Welcome to the Denodo Agile BI Tutorial. In this tutorial, we will review the basic steps to analyze enterprise data for gaining operational insight.
These are the lessons of this tutorial:
- Presentation of the Use Case/Business Problem.
- Use Denodo to Implement the Solutions (Connect to Data Sources, Combine the Data, Create Final Reports to Publish Data for Clients)
- Consume Data from a BI Tool.
Let's begin by reviewing the business problem at hand.
Let's suppose we work for a company that sells outdoor furniture and equipment, let's call it "PPY International". The company sells its products in several countries in North America and Europe, both to end-customers and distributors.
The situation we face today is that we have received an urgent request from the VP of Marketing. She needs a report on the performance of the different marketing campaigns that have been running in different countries and regions, to plan and budget for next year's campaigns. The campaign data is attached to her email as an Excel file.
The first problem that we have is that the information needed to create that report is not readily available in a single place and in an unified format. The Marketing data is in an Excel file, and, for this typical example, we have the product and sales information in a relational database, stored in a star schema.
Once we get the data together, we find another problem: information that comes from different sources usually needs to be normalized so it can be combined together in a meaningful way. In our case, the most obvious case for normalization will be with the country names used in the Excel spreadsheet (see image below).
Finally, traditional approaches to business intelligence tend to result in building the same logic over and over again across different BI and Reporting tools for generating similar, or even the same reports, in different places or by different departments.
Having the information centralized by Denodo means that the business logic needed to create all the reports will be in a single spot, so it can be easily maintained and modified, and it can be easily shared with a set of external BI tools without having to replicate code across them.

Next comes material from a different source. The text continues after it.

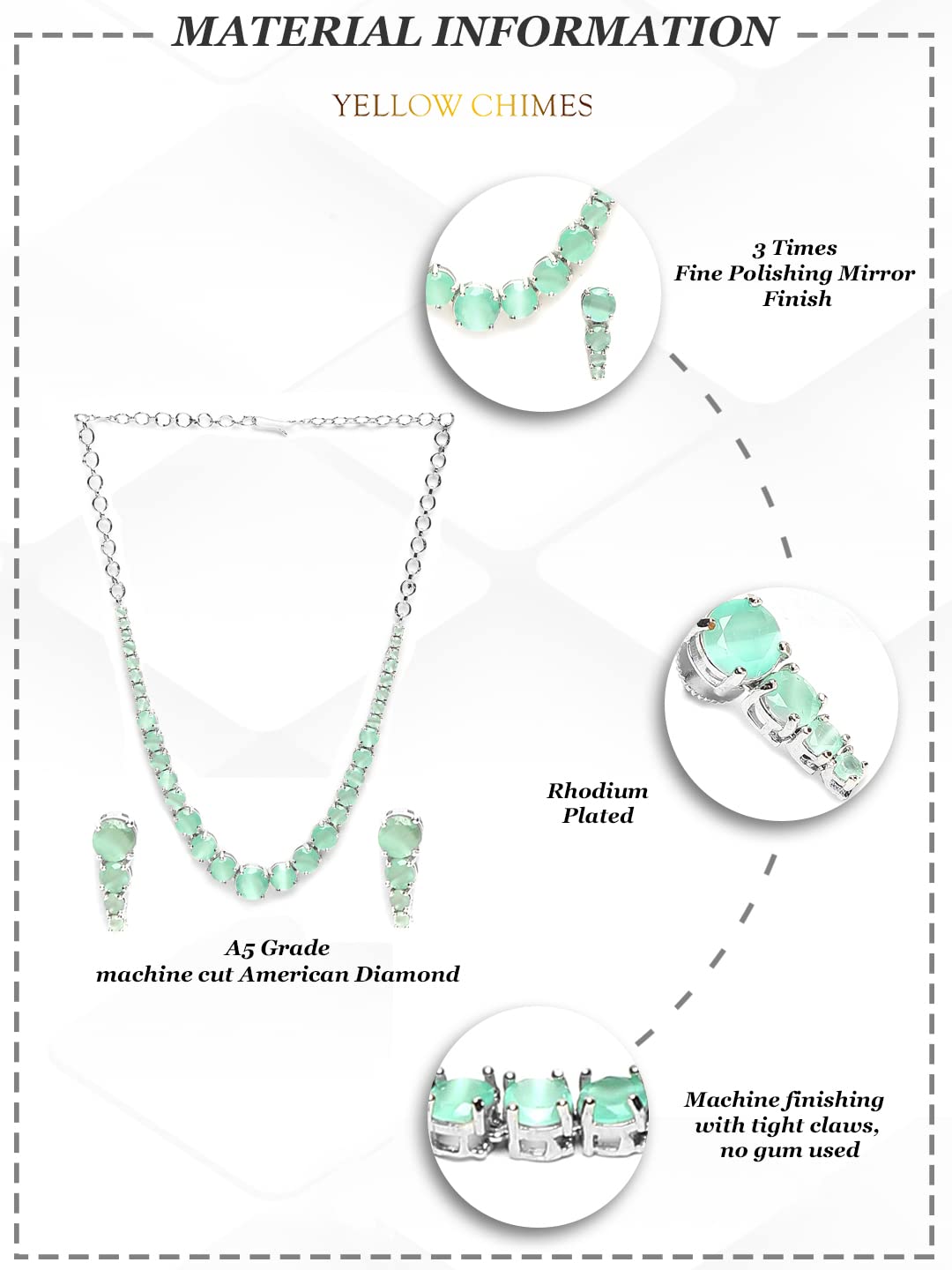 Yellow Chimes Jewellery Set for Women and Girls Traditional Mint Green American Diamond Jewellery Set | Rhodium Plated AD Necklace Set for Women | Birthday Gift for girls and women Anniversary Gift for Wife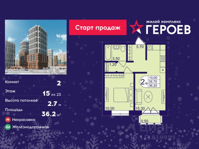 Продаётся 2-комнатная квартира в формате евро 36.00 кв. м. в жилом комплексе "Героев" в Балашихе, Железнодорожный. Квартира расположена на 15 этаже 610 корпуса. В наличии квартиры с отделкой. Всего 40 минут до центра Москвы. При покупке квартиры в сданном доме ключи выдаются сразу! Жилой квартал "Героев" - это уютный проект для семей с детьми. В квартале созданы все условия для досуга всех возрастов: игровые и спортивные площадки, места для отдыха и прогулочные зоны. За 15 минут можно дойти от дома до Ольгинского лесопарка, популярного места для отдыха на свежем воздухе. На территории жилого комплекса уже открыт детский сад на 250 мест и началось строительство еще одного - для 220 малышей, а также школы для 1320 учеников. Рядом работают магазины, кафе, супермаркеты, пункты выдачи. Преимущества: • В уютных светлых квартирах с просторными кухнями-гостиными удобно встречать гостей и проводить время наедине друг с другом. • Благодаря увеличенному остеклению в комнатах много света. • Квартиры продаются с отделкой, можно заселяться сразу после получения ключей.

Let's take a look at the data sources of our example.
Marketing promotions
The first data source is the Excel file that we received from Marketing. It has two worksheets:
- The Marketing promotions sheet contains information about the promotions that the marketing department carried on in the past. Each marketing promotion has a start and an end date, a country where it ran and a product that applied to, plus several other fields such as the discount per item, the type of promotion, etc.
- The second sheet contains a Country lookup table. If we take a detailed look at the first sheet, we will see that the country names have a variety of spellings and formats. It is very common for some of the data to be typed manually - and, in this case, data tends to apply the format rules in a rather flexible way.
To solve this issue and normalize the data, we have chosen to quickly write a lookup table within the Excel file itself, in a separate worksheet, to be able to go from the incorrect name to the standardized one.
Products and sales
The other main data source we have is our central products and sales database. Let's take a look at the schema:
The database is structured as a star schema, with the main sales fact table and the areas, dates, ordermethods and products dimension tables.
Each table contains the following data:
- Sales: This is a fact table that contains one entry per individual item transaction. It has an integer ID for the sale and the rest of fields are foreign keys to entries in the other dimension tables (dates, products, ordermethods and areas), and an ID for the marketing promotion id that this item was sold under, if any (null otherwise).
- Areas: the areas dimension table contains information about the countries where our company operates in.
- Dates: a dimension table with IDs for all the dates that are referred to by events in our database.
- Ordermethods: a dimension data for which methods were used to order the product in a sale.
- Products: the main product reference in our database, contains some generic product data.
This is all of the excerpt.